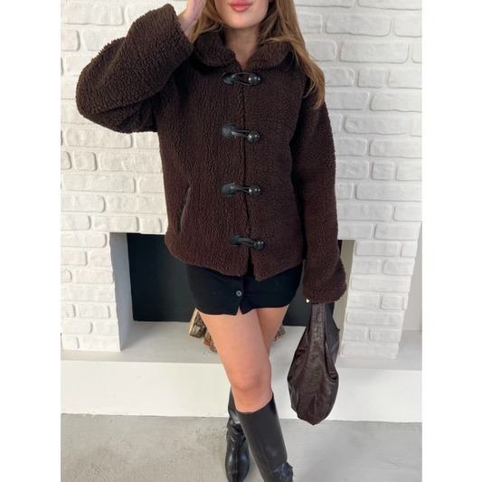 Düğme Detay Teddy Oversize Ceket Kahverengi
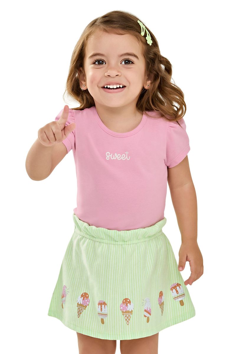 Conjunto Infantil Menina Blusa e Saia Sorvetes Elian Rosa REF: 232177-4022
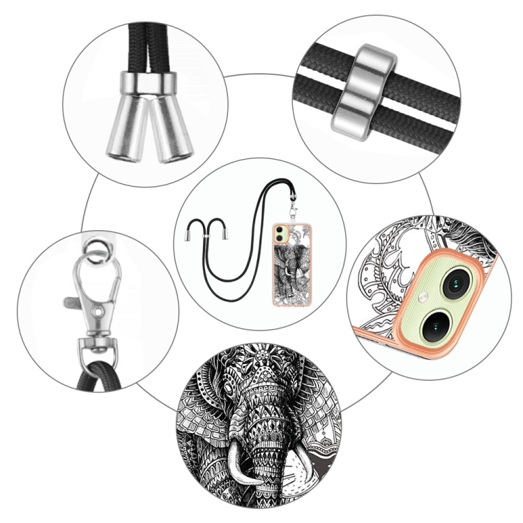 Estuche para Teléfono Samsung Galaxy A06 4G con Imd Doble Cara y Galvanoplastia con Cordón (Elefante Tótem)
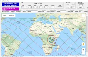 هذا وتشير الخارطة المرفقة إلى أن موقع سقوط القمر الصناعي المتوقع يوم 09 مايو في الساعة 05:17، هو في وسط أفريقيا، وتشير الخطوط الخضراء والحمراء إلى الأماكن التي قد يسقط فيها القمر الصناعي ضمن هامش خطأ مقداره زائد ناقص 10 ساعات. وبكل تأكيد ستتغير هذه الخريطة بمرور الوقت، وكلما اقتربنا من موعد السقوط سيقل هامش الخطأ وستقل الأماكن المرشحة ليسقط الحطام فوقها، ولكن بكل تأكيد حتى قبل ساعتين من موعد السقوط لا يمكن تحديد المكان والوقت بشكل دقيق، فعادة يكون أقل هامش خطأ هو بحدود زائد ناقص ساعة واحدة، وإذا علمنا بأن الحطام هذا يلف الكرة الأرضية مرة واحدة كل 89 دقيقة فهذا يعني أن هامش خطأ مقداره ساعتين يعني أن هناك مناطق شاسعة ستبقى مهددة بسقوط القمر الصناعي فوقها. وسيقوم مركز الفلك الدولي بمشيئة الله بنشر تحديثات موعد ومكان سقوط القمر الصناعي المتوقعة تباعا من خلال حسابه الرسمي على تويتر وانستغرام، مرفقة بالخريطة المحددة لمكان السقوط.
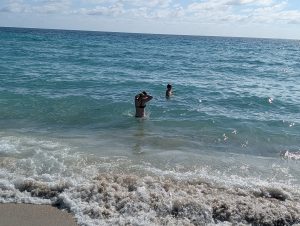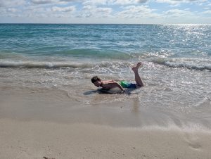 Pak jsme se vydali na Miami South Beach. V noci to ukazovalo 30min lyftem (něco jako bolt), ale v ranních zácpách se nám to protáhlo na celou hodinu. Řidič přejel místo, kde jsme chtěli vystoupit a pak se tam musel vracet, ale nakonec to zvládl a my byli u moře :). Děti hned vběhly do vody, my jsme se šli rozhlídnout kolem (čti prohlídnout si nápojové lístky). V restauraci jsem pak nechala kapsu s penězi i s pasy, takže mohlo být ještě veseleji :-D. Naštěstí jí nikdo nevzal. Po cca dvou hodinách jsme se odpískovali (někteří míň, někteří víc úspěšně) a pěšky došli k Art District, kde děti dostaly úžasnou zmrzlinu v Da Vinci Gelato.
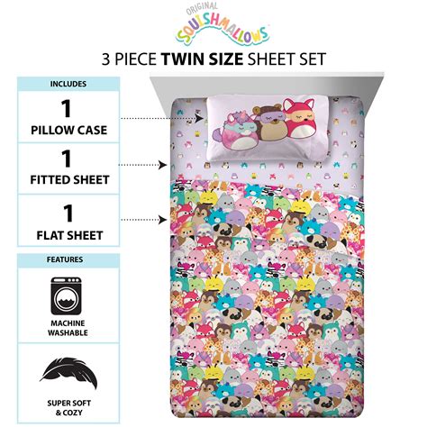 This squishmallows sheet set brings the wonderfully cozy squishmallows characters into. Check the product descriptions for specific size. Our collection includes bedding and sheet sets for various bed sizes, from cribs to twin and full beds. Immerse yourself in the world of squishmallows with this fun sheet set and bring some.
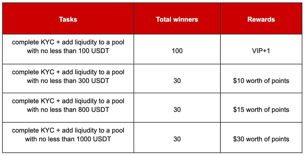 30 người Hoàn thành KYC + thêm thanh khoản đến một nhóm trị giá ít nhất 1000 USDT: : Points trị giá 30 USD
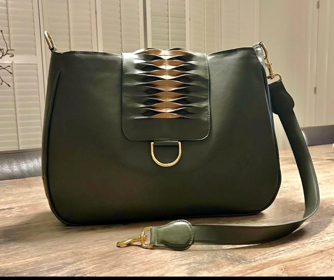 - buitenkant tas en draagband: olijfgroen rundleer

※

ASSIGNED TASK: I would like an exact copy of the lines from the one holding "30 người Hoàn" through the last line of the entries above, with the pictures left out.

TASK RESULT:
 30 người Hoàn thành KYC + thêm thanh khoản đến một nhóm trị giá ít nhất 1000 USDT: : Points trị giá 30 USD
 - buitenkant tas en draagband: olijfgroen rundleer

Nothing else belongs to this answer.